▶ Raw data
Segment Open

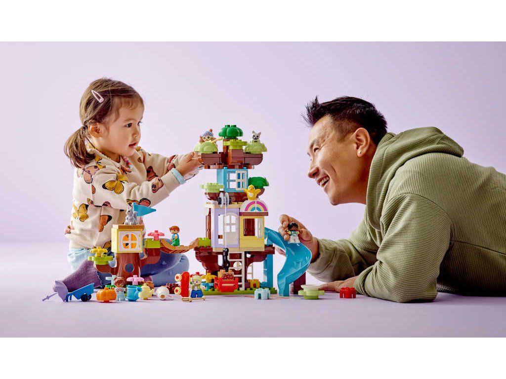 Děti nejprve postaví dechberoucí dobrodružný prostor na hraní se 3 patry, extra dlouhou skluzavkou a vratkým mostem. Pokud se začnou stahovat dešťové mraky, model lze přeskládat na útulný dům na stromě. Třetí model se skládá ze 2 domů na stromě, z nichž každý má vlastní skluzavku, a zahrádky, kde děti mohou sbírat ovoce a nosit je domů pomocí roztomilé kladky.
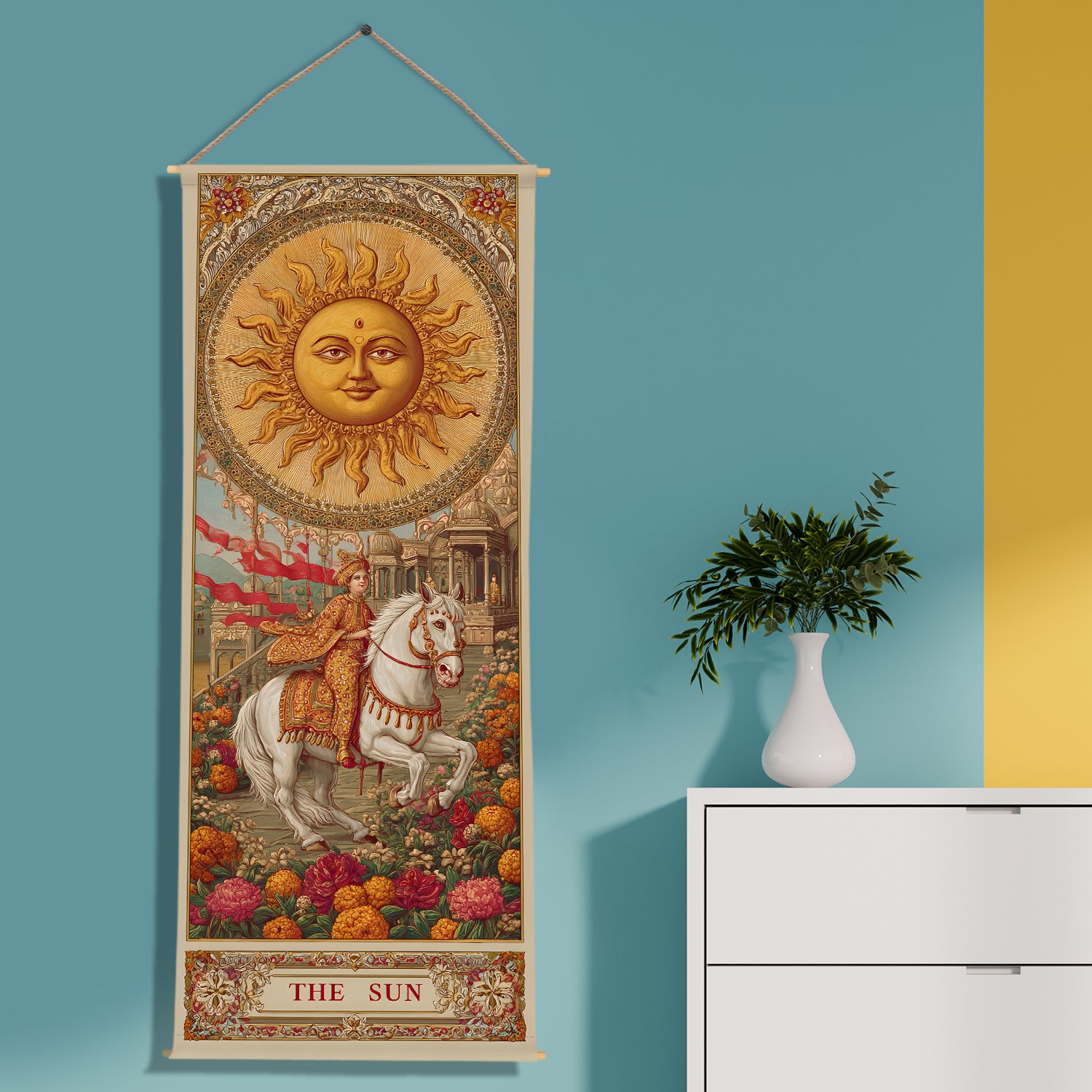 Indian Sun Tarot Wall Hanging Tapestry, Thick fabric, HD Print, Ready to Hang Wall Décor. Size 24 In x 60 In (TAROTTPS01)
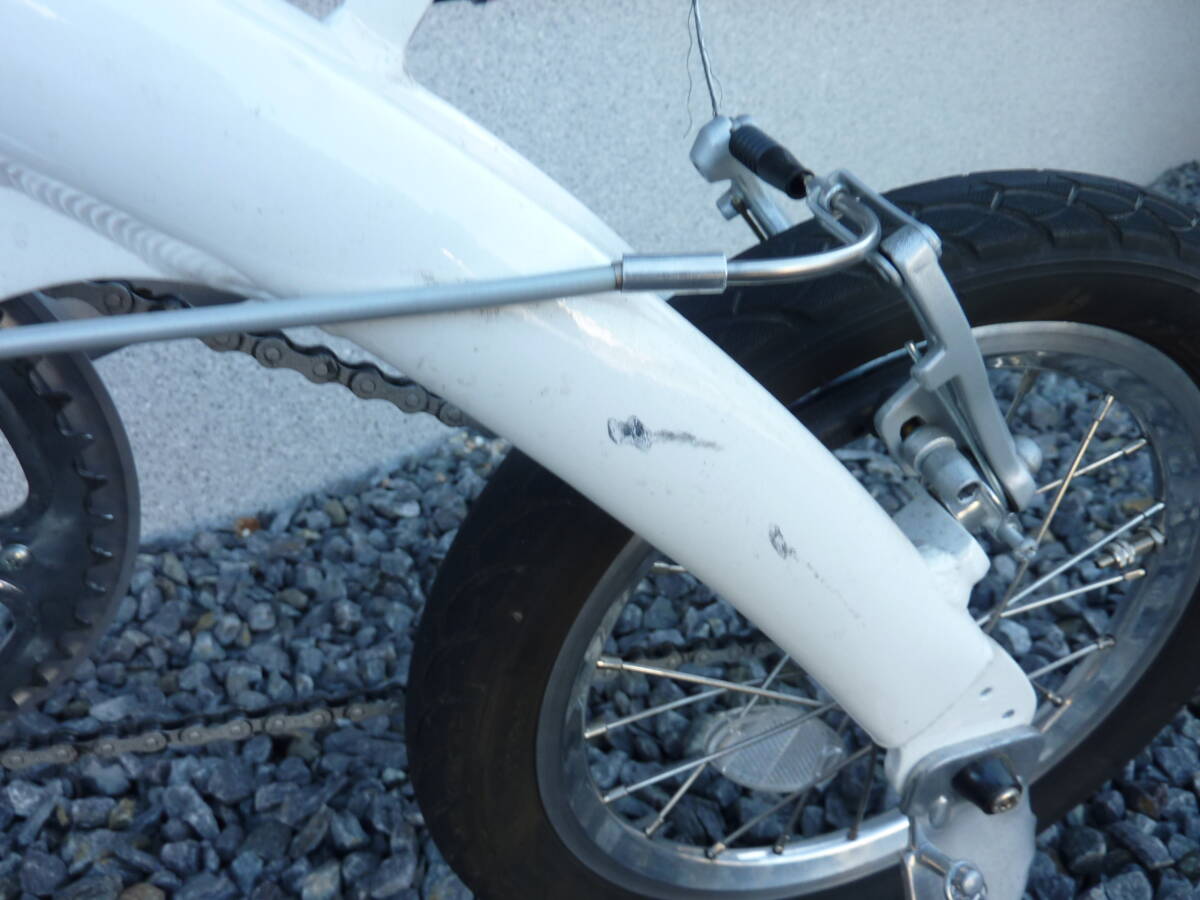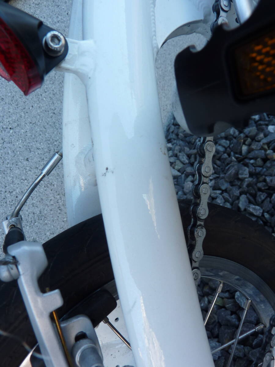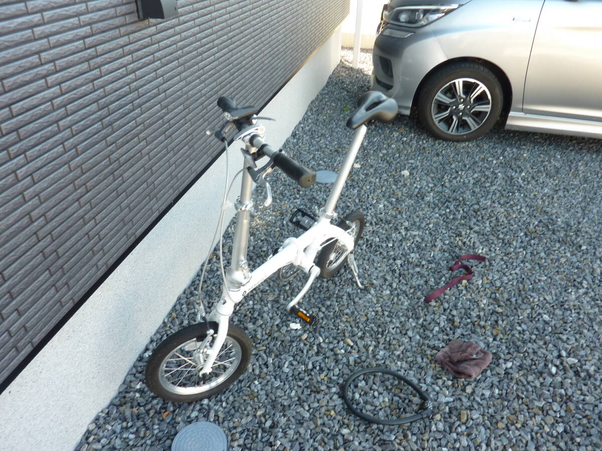 取りに来られる方、愛知県高浜市。 軽量アルミフレーム 14インチ コンパクト折りたたみ自転車 本体重量8.3k。ペダルは折り畳み式に取り換えてあります。傷が有りますがあまり乗っていません。

Segment Closed

▶ Exercise
Your task is to retype the listing exactly, without its pictures.

▶ Exercise answer
 Děti nejprve postaví dechberoucí dobrodružný prostor na hraní se 3 patry, extra dlouhou skluzavkou a vratkým mostem. Pokud se začnou stahovat dešťové mraky, model lze přeskládat na útulný dům na stromě. Třetí model se skládá ze 2 domů na stromě, z nichž každý má vlastní skluzavku, a zahrádky, kde děti mohou sbírat ovoce a nosit je domů pomocí roztomilé kladky.
 Indian Sun Tarot Wall Hanging Tapestry, Thick fabric, HD Print, Ready to Hang Wall Décor. Size 24 In x 60 In (TAROTTPS01)
 取りに来られる方、愛知県高浜市。 軽量アルミフレーム 14インチ コンパクト折りたたみ自転車 本体重量8.3k。ペダルは折り畳み式に取り換えてあります。傷が有りますがあまり乗っていません。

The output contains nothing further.